Anyway, we're back into the second installment of the countdown.  This was actually pretty fun to put together.  Pittsburgh has always been an interesting sports town - sure, there are lots of fair weather fans, but there the city also has a strong streak of rooting for the blue collar, hard nosed guy who just...isn't all that great.  Think of Rudy without the annoying Notre Dame connections.

15) Pokey Reese - 2002-03

Reese was one of those "latest, greatest" free agent signings.  The Bucs were coming off an incredibly underwhelming 2001 season, and Reese himself had been pretty disappointing in '01 just a year after the Reds had refused including him as the centerpiece of the Ken Griffey trade.  Speed, decent pop, and amazing defense.  Good bounceback candidate, right?

Well...kind of.  His average continued to slip, and with it went the pop and steals.  Pokey played some fantastic defense, and was a blast to watch.  But we all know Gold Gloves aren't reeeally about defense. 
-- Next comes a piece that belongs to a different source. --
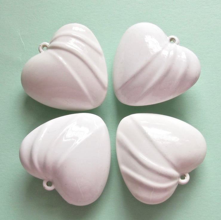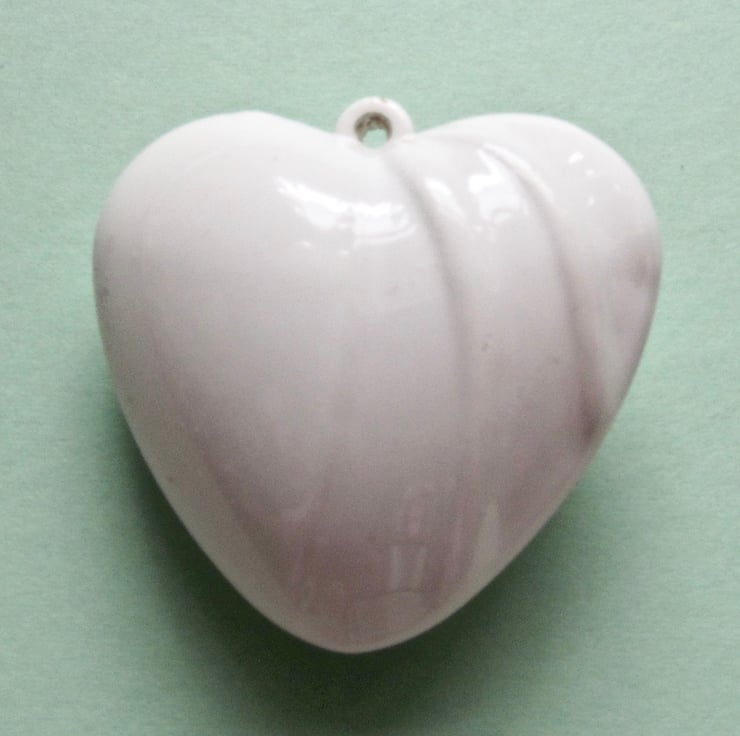 This is an attractive large, puffy white acrylic heart pendant. There are ripples on the right half of the heart that catch the light and cause the pendant to shimmer. The front pattern is the same as the back, meaning that the pendant is reversible.

He managed to win a ring with the Sox in '04, but like so many other Bucco free agent signings, he was out of baseball after that.

14) Ricardo Rincon - 1997-98

Rincon didn't even play in the states until his age 27 season, jumping to the Bucs from Mexico.  But he undoubtedly proved to be the gift that keep on giving.

Before the '99 season the Bucs traded Rincon to an insanely deep Cleveland team for Brian Giles.  Giles put up some of the best single seasons in franchise history before being dealt for Jason Bay and Oliver Perez.

Perez kicked a laundry cart, was banished from the face of the planet, only to work his way back into the graces of the universe where he was allowed to become a lefty specialist.  Jason Bay his balls really far (though never into a river nor a bay), until being traded for a bunch of players who didn't pan out and current late innings reliever Bryan Morris.

So for those of you keeping score at home: Ricardo Rincon = Brian Giles, Jason Bay, Oliver Perez, and Bryan Morris.

We can only hope eventually Morris will be dealt for another wave of prospects, keeping the Legend of Ricardo alive.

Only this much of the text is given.